> _PROVIDED DATA_:
——
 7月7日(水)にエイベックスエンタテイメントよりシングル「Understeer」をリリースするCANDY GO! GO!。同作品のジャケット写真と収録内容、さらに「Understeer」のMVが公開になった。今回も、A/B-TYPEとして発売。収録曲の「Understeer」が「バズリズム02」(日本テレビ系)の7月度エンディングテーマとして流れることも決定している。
——
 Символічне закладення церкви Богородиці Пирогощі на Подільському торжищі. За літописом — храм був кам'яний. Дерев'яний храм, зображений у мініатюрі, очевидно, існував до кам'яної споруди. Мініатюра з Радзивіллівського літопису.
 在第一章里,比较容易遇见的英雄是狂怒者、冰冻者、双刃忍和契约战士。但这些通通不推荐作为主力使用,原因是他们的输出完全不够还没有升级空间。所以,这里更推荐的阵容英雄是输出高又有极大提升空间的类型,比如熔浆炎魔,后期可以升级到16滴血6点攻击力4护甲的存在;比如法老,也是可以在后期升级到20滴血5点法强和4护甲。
——
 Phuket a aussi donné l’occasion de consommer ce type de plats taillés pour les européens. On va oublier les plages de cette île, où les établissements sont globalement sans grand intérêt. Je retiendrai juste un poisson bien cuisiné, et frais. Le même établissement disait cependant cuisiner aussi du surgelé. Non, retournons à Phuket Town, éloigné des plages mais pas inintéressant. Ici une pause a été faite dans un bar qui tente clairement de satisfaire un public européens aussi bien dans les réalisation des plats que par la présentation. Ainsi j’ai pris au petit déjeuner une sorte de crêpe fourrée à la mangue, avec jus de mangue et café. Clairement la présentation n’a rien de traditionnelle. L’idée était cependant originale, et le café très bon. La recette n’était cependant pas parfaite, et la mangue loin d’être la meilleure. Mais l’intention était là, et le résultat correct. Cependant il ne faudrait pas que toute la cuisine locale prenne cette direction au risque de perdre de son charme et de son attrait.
——
> _PROBLEM DETAILS_:
Each line in the listing above from the one containing "Символічне закладення церкви" through the one containing "在第一章里,比较容易遇见的英" should be repeated exactly, and no other line.

> _ANSWER FOR THIS EXERCISE_:
 Символічне закладення церкви Богородиці Пирогощі на Подільському торжищі. За літописом — храм був кам'яний. Дерев'яний храм, зображений у мініатюрі, очевидно, існував до кам'яної споруди. Мініатюра з Радзивіллівського літопису.
 在第一章里,比较容易遇见的英雄是狂怒者、冰冻者、双刃忍和契约战士。但这些通通不推荐作为主力使用,原因是他们的输出完全不够还没有升级空间。所以,这里更推荐的阵容英雄是输出高又有极大提升空间的类型,比如熔浆炎魔,后期可以升级到16滴血6点攻击力4护甲的存在;比如法老,也是可以在后期升级到20滴血5点法强和4护甲。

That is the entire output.